# **1. EXTRACT**

ETL stands for extract, transform and load. For developing ETL pipelines, we need to extract data from various sources, transform it into a usable format, and load it into a data warehouse or database for analysis.

Task is to develop a data ETL pipeline for the Fashion MNIST dataset. The dataset contains 70,000 grayscale images of size 28×28 pixels, categorized into ten clothing categories like t-shirts, dresses, sneakers, etc. The pipeline should extract the dataset from the data source, and perform the necessary transformations such as scaling, normalization and feature engineering.

Load the preprocessed data into an SQLite database for storage and easy retrieval.

To develop a Data ETL pipeline using Python, the first step is to collect data from a data source. Let’s use the Fashion-MNIST dataset provided by the Keras library 

In [None]:
import tensorflow.keras as keras
(xtrain, ytrain), (xtest, ytest) = keras.datasets.fashion_mnist.load_data()

Downloading data from https://storage.googleapis.com/tensorflow/tf-keras-datasets/train-labels-idx1-ubyte.gz
Downloading data from https://storage.googleapis.com/tensorflow/tf-keras-datasets/train-images-idx3-ubyte.gz
Downloading data from https://storage.googleapis.com/tensorflow/tf-keras-datasets/t10k-labels-idx1-ubyte.gz
Downloading data from https://storage.googleapis.com/tensorflow/tf-keras-datasets/t10k-images-idx3-ubyte.gz


In [None]:
print(xtrain.shape)
print(ytrain.shape)
print(xtest.shape)
print(ytest.shape)

(60000, 28, 28)
(60000,)
(10000, 28, 28)
(10000,)


# **2. TRANSFORM**

Now let’s clean and transform the data. Here we will normalize the pixel values to be between 0 and 1 and reshape the data into a 4D tensor

**WHY?**

We need to normalize the pixel values to be between 0 and 1 in order to ensure that all the input features (i.e., the pixel values) have the same scale. This is important because machine learning algorithms often work better when the input features are on the same scale, as this helps to prevent some features from dominating others. For example, if one pixel has a range of 0-255 and another pixel has a range of 0-1, the first pixel may end up dominating the second pixel in the calculations. By normalizing the pixel values to be between 0 and 1, we ensure that all the input features are on the same scale and that no one feature dominates the others.

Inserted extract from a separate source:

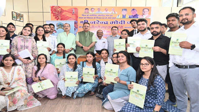 कृषि विभाग में कृषि सहायक अधिकारी के पद पर चयनित अभियार्थियों को नियुक्ति पत्र वितरित करते कृषि मंत्री गणेश जोशी।

Reshaping the data into a 4D tensor is also important because it allows us to represent the images as matrices or arrays with dimensions (samples, height, width, channels). The first dimension represents the number of images in our dataset, the second and third dimensions represent the height and width of each image, respectively, and the fourth dimension represents the number of channels (e.g., 1 for grayscale images and 3 for RGB images). By representing the images in this way, we can use convolutional neural networks (CNNs) to extract features from the images and classify them accurately.

In [None]:
import numpy as np

xtrain = xtrain.astype('float32') / 255
xtest = xtest.astype('float32') / 255

xtrain = np.reshape(xtrain, (xtrain.shape[0], 28, 28, 1))
xtest = np.reshape(xtest, (xtest.shape[0], 28, 28, 1))

print(xtrain.shape)
print(ytrain.shape)
print(xtest.shape)
print(ytest.shape)

(60000, 28, 28, 1)
(60000,)
(10000, 28, 28, 1)
(10000,)


# **3. LOAD**

Now let’s load the data into a database. We can use SQLite to create a database and load the data into it

In [None]:
import sqlite3

conn = sqlite3.connect('fashion_mnist.db')

conn.execute('''CREATE TABLE IF NOT EXISTS images
             (id INTEGER PRIMARY KEY AUTOINCREMENT,
             image BLOB NOT NULL,
             label INTEGER NOT NULL);''')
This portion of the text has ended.